Opération séduction de la Corée du Sud en vue de l’exposition universelle de 2030

0 Shares
0
0
0

Ce matin-là, le 9 octobre, en bord de Seine, à quelques encablures de la tour Eiffel, un hélicoptère d’un genre nouveau attire le regard des passants. Autour, une délégation coréenne en costume sombre se presse pour le photographier. Ce taxi volant, dernière innovation du groupe SK Telecom, est aussi l’une des vitrines mises en avant par la Corée du Sud, en lice pour accueillir l’Exposition universelle de 2030.

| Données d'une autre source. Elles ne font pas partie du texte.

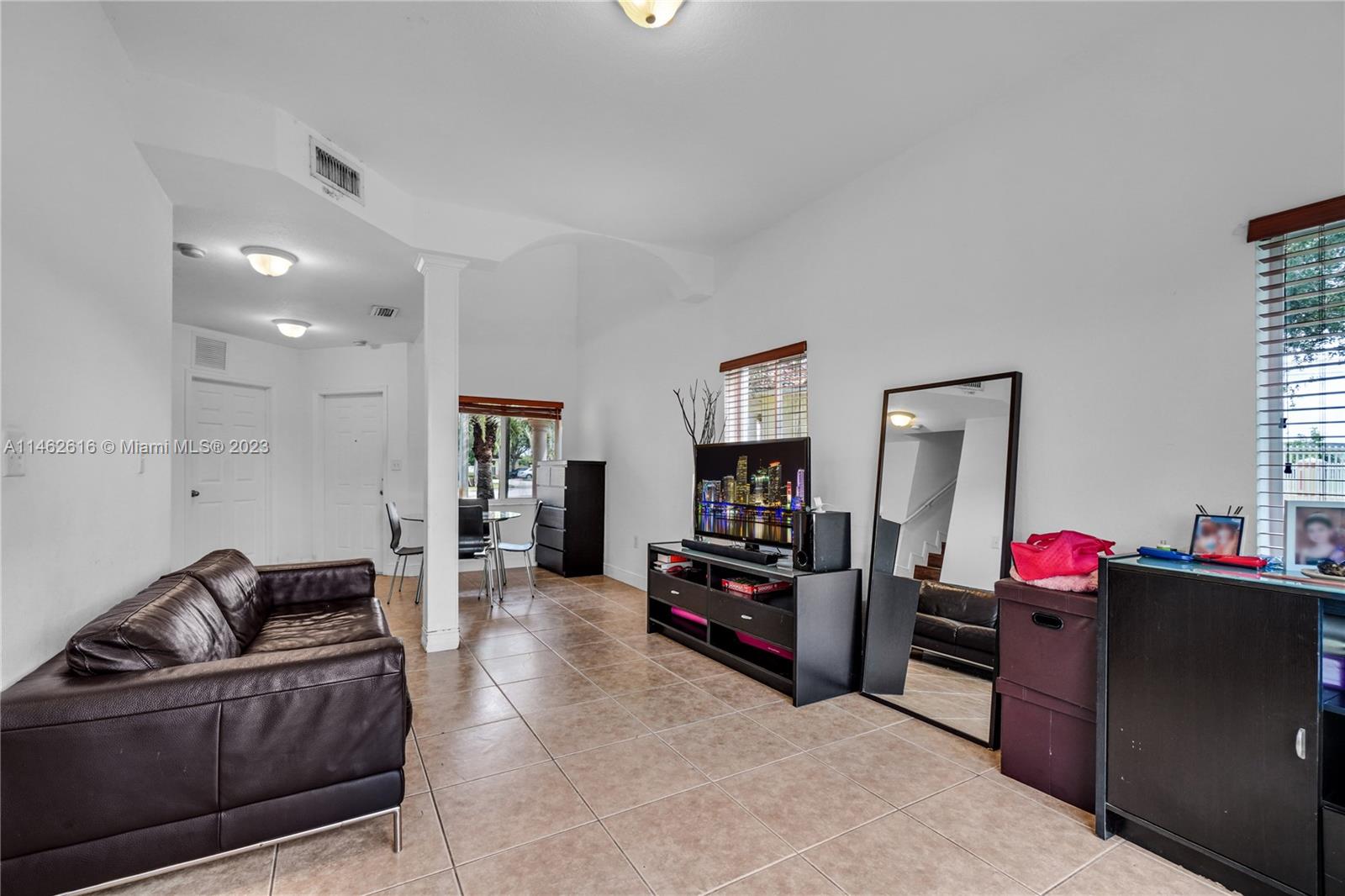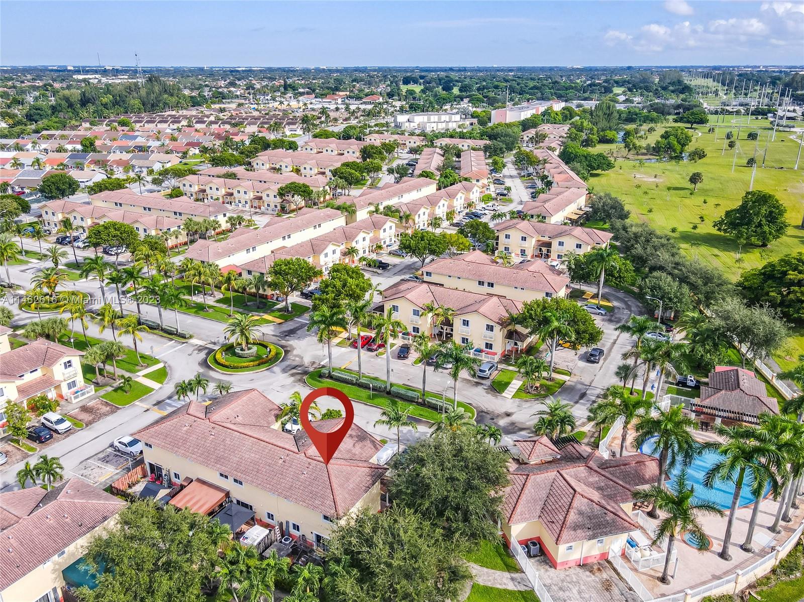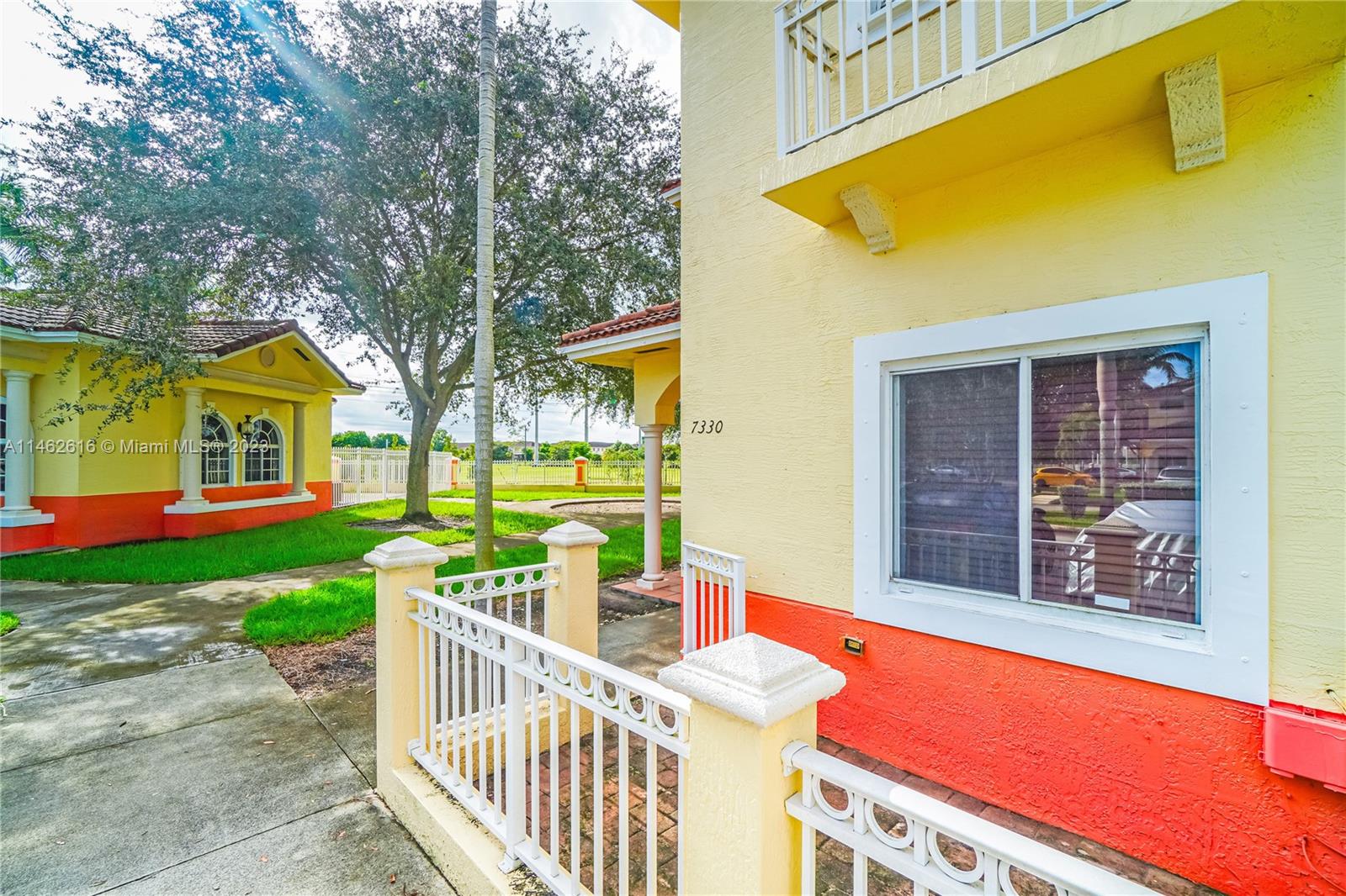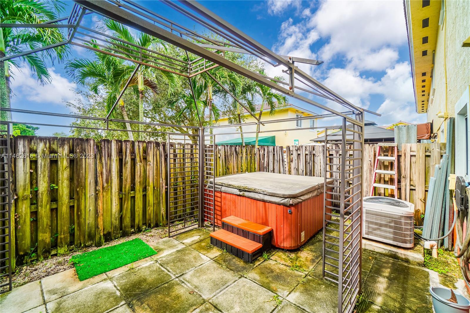 Spacious corner town-home/villa featuring 3 bedrooms and 3 full bathrooms. Ceramic floors, wood stairs, spacious kitchen with granite countertops and stainless steel appliances, Jacuzzi in privately fenced backyard. 2 parking spaces in-front of unit plus additional parking for visitors very close to property. One full en-suite bedroom with full bathroom on the first floor. Lowest association fee in the area only $160 per month for homeowners association, and it includes garbage and internet. Easy access not gated community. Prime location, close to supermarkets, schools and shopping centers, easy access to I-75, Palmetto and turnpike.
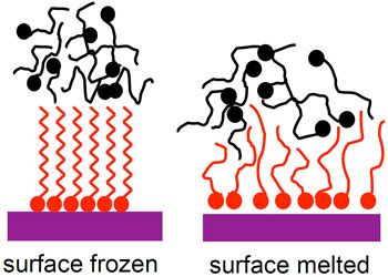 The temperature range over which this frozen monolayer exists is about 10 times greater than what’s observed at the liquid-vapor interfaces of similar materials. According to Alexei Tkachenko, a theoretical physicist who works at Brookhaven’s Center for Functional Nanomaterials, “The temperature range of the surface-frozen layer and its temperature-dependent thickness can be described by a very simple model that we developed. What is remarkable is that the surface layer does not freeze abruptly as in the case of ice, or any other crystal. Rather, a smooth transition occurs over a temperature range of several degrees.”
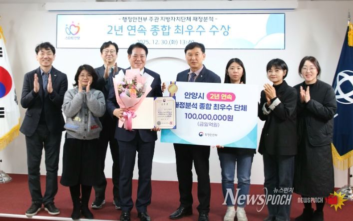 뉴스펀치 김길룡 기자 | 안양시는 행정안전부에서 실시한‘2025년(2024 회계연도) 지방재정분석’에서 종합점수 ‘가’등급을 받아 2년 연속‘종합 최우수’지자체로 선정됐다.
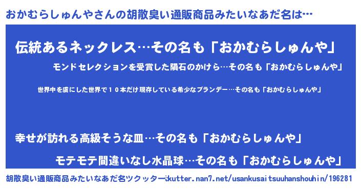 | 男性向けラノベタイトル風あだ名 | 『この素晴らしい世界におかむらしゅんやを!』 |
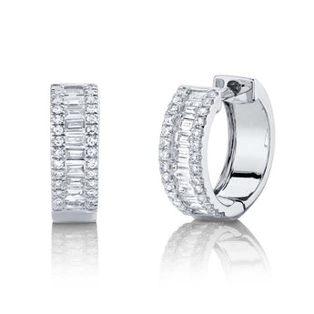 Shy Creation Baguette Diamond Huggie Earrings in 14K White Gold
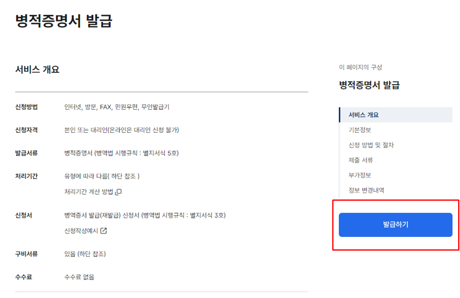 - 온라인 즉시 발급 대상 : (전역 1개월 후인) 군필자, '89년 1월 1일 이후 병역판정에서 면제된 사람, 병역준비역, 대체역(복무 중인 자)
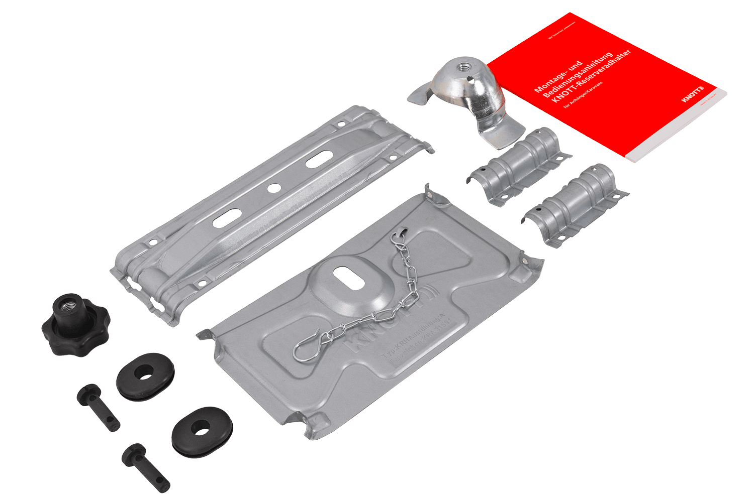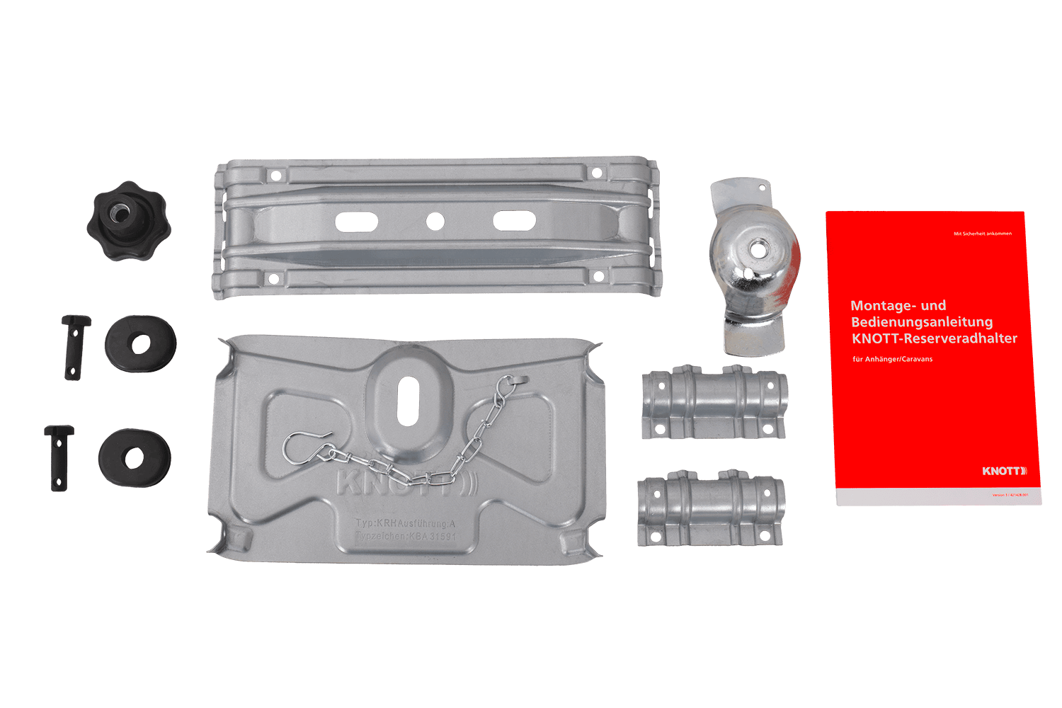 Il portaruota di scorta KNOTT 421241.002 è una soluzione versatile e funzionale, progettata per il montaggio sul sottoscocca. La ruota è fissata a una piastra speciale tramite un dado che sfrutta il foro centrale del cerchio , garantendo un allineamento preciso e un fissaggio sicuro durante la guida. In caso di emergenza su strada, la ruota di scorta può essere facilmente sfilata dal portaruota e rimossa rapidamente, riducendo significativamente i tempi di sostituzione e semplificando l'intera procedura.
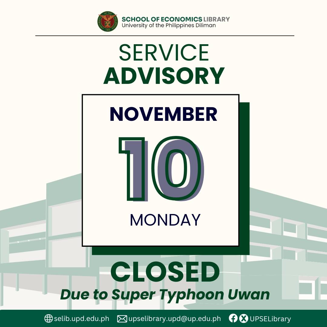 Service Advisory (Typhoon Uwan) UPSE LIBRARY SERVICE ADVISORY In line with the work and class suspensions due to Super Typhoon "Uwan," the UP School of...

En février, d’ailleurs, l’opérateur coréen a signé un mémorandum d’entente avec le comité de candidature pour faire de ce véhicule électrique le principal moyen de transport sur les sites de l’événement.

Innovations, rencontres d’industriels coréens et d’ambassadeurs avec les politiques et journalistes, symposium, affichages publicitaires et concert de K-pop. Cette semaine coréenne dans la capitale française participe au vibrant plaidoyer mené par la Corée du Sud en faveur de Pusan, la deuxième ville du pays, une des dernières candidates aux côtés de Riyad, en Arabie saoudite, et de Rome, en Italie, en amont du vote, le 28 novembre.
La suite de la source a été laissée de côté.